→ **INPUT DATA**:
= = =

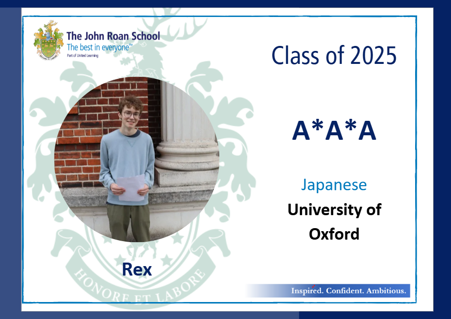 • Rex, who achieved A*s in Maths and Politics and an A in History and is excited to take up a place at the University of Oxford to study Japanese;
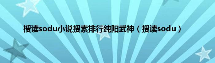 大家好,小问来为大家解答以上问题。搜读sodu小说搜索排行纯阳武神,搜读sodu这个很多人还不知道,现在让我们一起来看看吧!
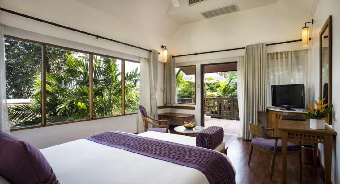 Каждый номер представляет из себя отдельный домик-виллу, что позволяет жить в уединении от соседей в окружении тропической зелени. Номера красиво оформлены, имеются сейф, холодильник, кондиционер+вентилятор, душ, телевизор. Обратной стороной того, что территория отеля представляет собой джунгли, являлось наличие в нашей вилле двух ящериц и, что ещё менее приятно, одного крупного паука, которого мы в конечном счёте отловили и выпустили на улицу. Как и во многих других тайских отелях, воду в душе очень трудно отрегулировать на нормальную температуру: она норвит потечь либо слишком холодной, либо слишком горячей. Электророзетки сильно разболтаны. В остальном к номерам претензий нет, убирались регулярно и очень хорошо.
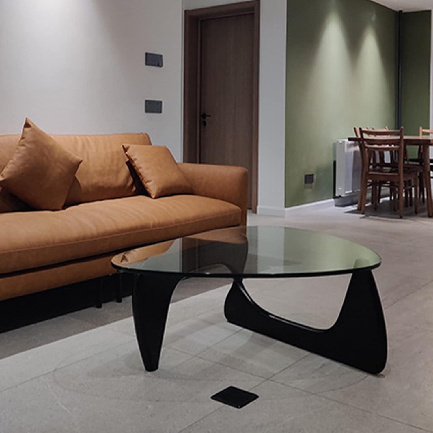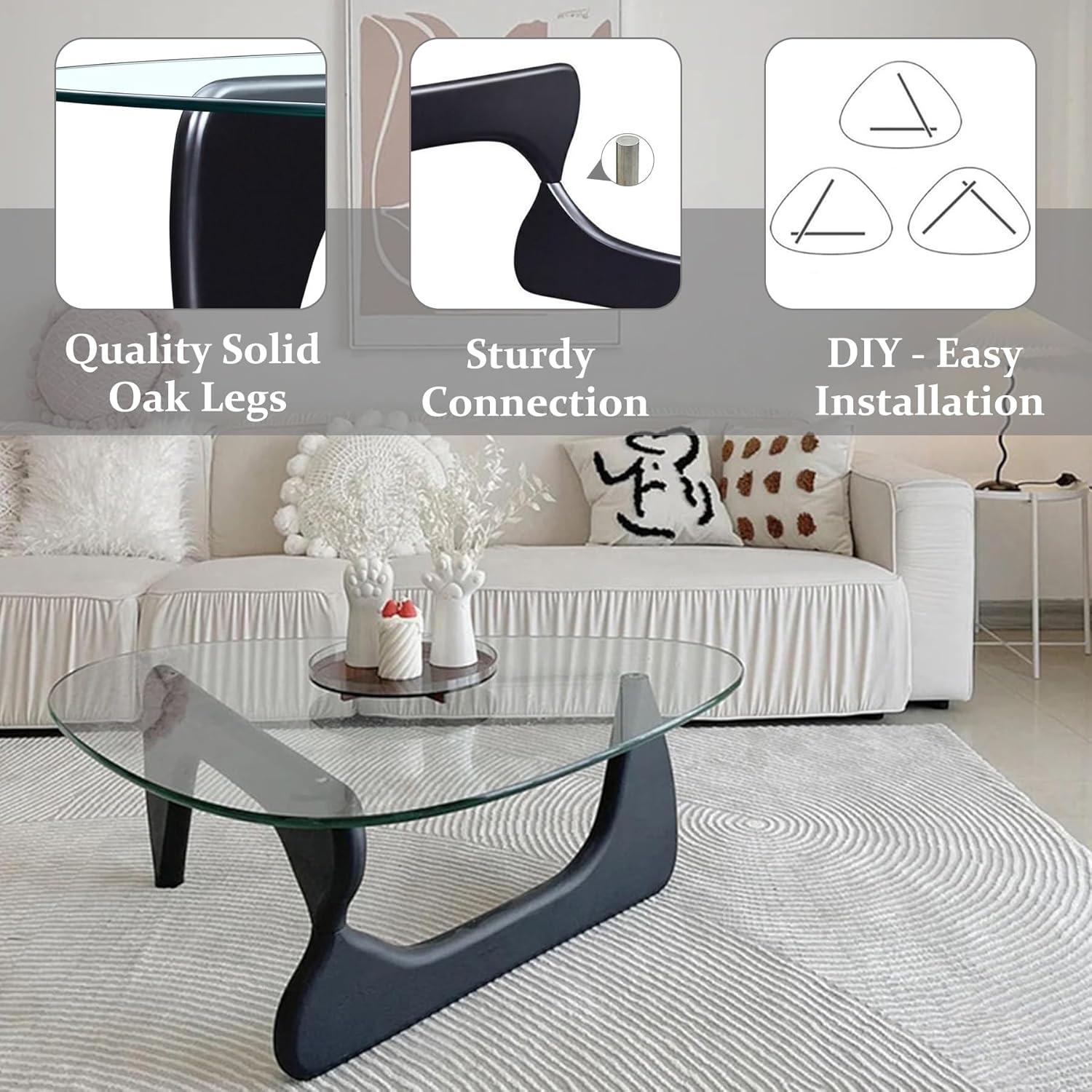 Embodying the essence of mid-century modern design, this coffee table combines a striking triangular tempered glass top with a sturdy solid oak base, delivering both elegance and functionality. The transparent surface offers a refreshing visual lightness that complements a variety of interiors, from minimalist living rooms to cozy patios and study corners. Its sleek, curved edges provide a smooth finish that is as safe as it is stylish, preventing accidental scratches while enhancing the tableS sophisticated look.The medium size (35.8″ x 25.5″ x 16″) strikes a perfect balance, making it spacious enough for daily use yet compact enough for smaller spaces without overwhelming the room.

= = =

→ **WORK TO BE COMPLETED**: Nothing but the lines from the first line of the data above through the line holding "Каждый номер представляет" may appear in the response, copied exactly and without pictures.

→ **EXPECTED ANSWER**:
 • Rex, who achieved A*s in Maths and Politics and an A in History and is excited to take up a place at the University of Oxford to study Japanese;
 大家好,小问来为大家解答以上问题。搜读sodu小说搜索排行纯阳武神,搜读sodu这个很多人还不知道,现在让我们一起来看看吧!
 Каждый номер представляет из себя отдельный домик-виллу, что позволяет жить в уединении от соседей в окружении тропической зелени. Номера красиво оформлены, имеются сейф, холодильник, кондиционер+вентилятор, душ, телевизор. Обратной стороной того, что территория отеля представляет собой джунгли, являлось наличие в нашей вилле двух ящериц и, что ещё менее приятно, одного крупного паука, которого мы в конечном счёте отловили и выпустили на улицу. Как и во многих других тайских отелях, воду в душе очень трудно отрегулировать на нормальную температуру: она норвит потечь либо слишком холодной, либо слишком горячей. Электророзетки сильно разболтаны. В остальном к номерам претензий нет, убирались регулярно и очень хорошо.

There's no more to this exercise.